David has published nationally and internationally in books such as Arts Education: A Global Affair (2023) and Disruption and Convergence (Forthcoming 2024), and in journals such as The International Journal of Education through the Arts (IJETA), Canadian Art Teacher (CAT), and with the Architecture Media Politics Society (AMPS) research network. His dissertation project called Landscape as Method and Model (Forthcoming August 2024) examines the changing landscape of Montreal’s Sud-Ouest through a personal painting-as-research-creation project and a community-based research-creation project which invited participants to make their own works of arts-based research. His recent major publications include: ‘Meaning and Making: Laying the Groundwork for Community-Based Research-Creation’ in the journal LEARNing Landscapes (2023), which articulates a method for conjoining oral history approaches, ethics, and frameworks to community artmaking; A three-contribution arc with Pakistan-based artist and professor Rabeya Jalil on the role of painting and pedagogy as research titled ‘What Does it Mean to Paint in the 2020s: A Practice-Led Model for Painters,’ ‘How to Paint a Dog: Reflections and Reservations on a Visual Commonality,' and 'Painters and Their Places: Toward a Dialectical Understanding of Personal and Community Painting Practices’ in Disruption and Convergence (Forthcoming from Brill Publishing in June 2024); And ‘Analyzing ‘Easel Painting’ in the Expanded Field of Research-Creation’ forthcoming in Arts-Research International that examines the role and place of painting and other fine-arts mediums in emerging discourses of arts-based research.

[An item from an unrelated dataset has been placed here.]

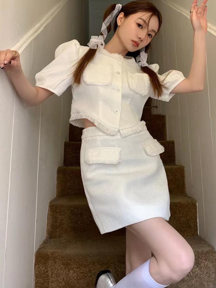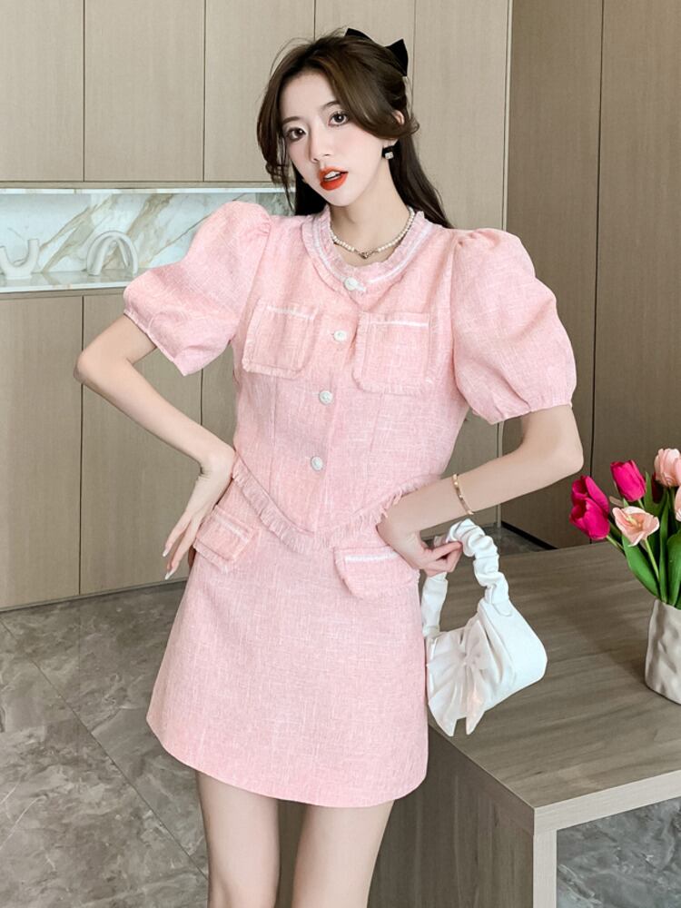 小さな香り甘いツーピースセット女性 Tels シャツブラウスクロップトップ + ウエストスカートスーツ 2 点セット 大人ガーリー スウィート キュート カジュアル mes61616860943

David has current and planned collaborations and partnerships with the Center for Interdisciplinary Research on the City of Montreal (CIRM) at McGill, Ross Creek Centre for the Arts in Nova Scotia, the Nova Scotia College of Art and Design (NSCAD) Drawing Lab, and the Pointe-Saint-Charles Art School. He co-founded the Shortcuts for Teachers Artists Collective (STAC) to study the efficacy of fine-arts teaching methods and approaches across academic contexts, which brings together elementary, secondary, post-secondary, community, and museum educators. He is a member of the Center for Oral History at Concordia, the Canadian Society for Education through the Arts (CSEA), and the National Art Education Association (NAEA). He presently serves on the board of directors of Bâtiment 7, a 90,000-square-foot grassroots development project in Pointe-Saint-Charles, and on the board of the Pointe-Saint-Charles Art School.